Глаша и онъ помолчали: она слышала какіе-то новые звуки любви, это были уже не полированныя фразы ухаживателя, но скорбь страстнаго человѣка, хватавшая за сердце.
— Пить я началъ, — глухо пробормоталъ портной, отвернувшись въ сторону.
Глаша рыдала. Портной тихо приблизился къ ней и обнялъ ее одною рукой. Она не трогалась съ мѣста. Онъ поцѣловалъ ее въ щеку. Въ былые дни онъ не посмѣлъ бы сдѣлать этого, а она ударила бы его за такой поцѣлуй, — теперь было не то.
— Голубчикъ мой, какъ мы жить-то будемъ! — вырвалось у Глаши.
— Живы будемъ, — увидимъ! — промолвилъ онъ, и въ его глазахъ сверкнулъ огонь страсти.

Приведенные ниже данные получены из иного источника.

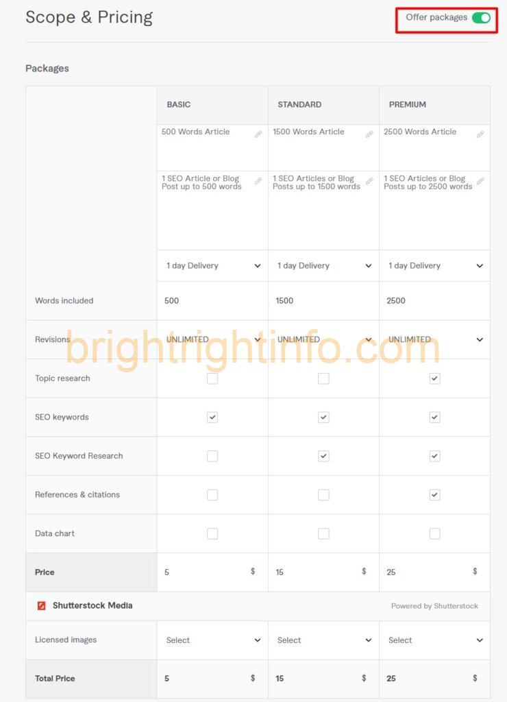 If your gig is new and you don’t have any reviews on it, keep your starting price (basic package’s price) a little lower to attract buyers.

Кажется, этотъ человѣкъ готовъ былъ схватить ее въ эту минуту и унести куда-то далеко-далеко, на край свѣта, чтобы жить съ нею вдвоемъ, чтобы не видать, не слышать людей!.. А вечеромъ ему говорилъ весь большой домъ на сотнѣ своихъ разнообразныхъ языковъ:
— Ну ужъ, Александръ Ивановичъ, убили бобра!.. Не такая бы пошла за васъ… Охота пришла на ней жениться, вы человѣкъ работящій, честный… И что вы нашли въ ней хорошаго? ничего мы въ ней хорошаго не видимъ!
— Намъ-съ хороша, а на другихъ плевать, — сурово отвѣчалъ Приснухинъ и, гордо отворачиваясь отъ сосѣдей, шелъ со двора.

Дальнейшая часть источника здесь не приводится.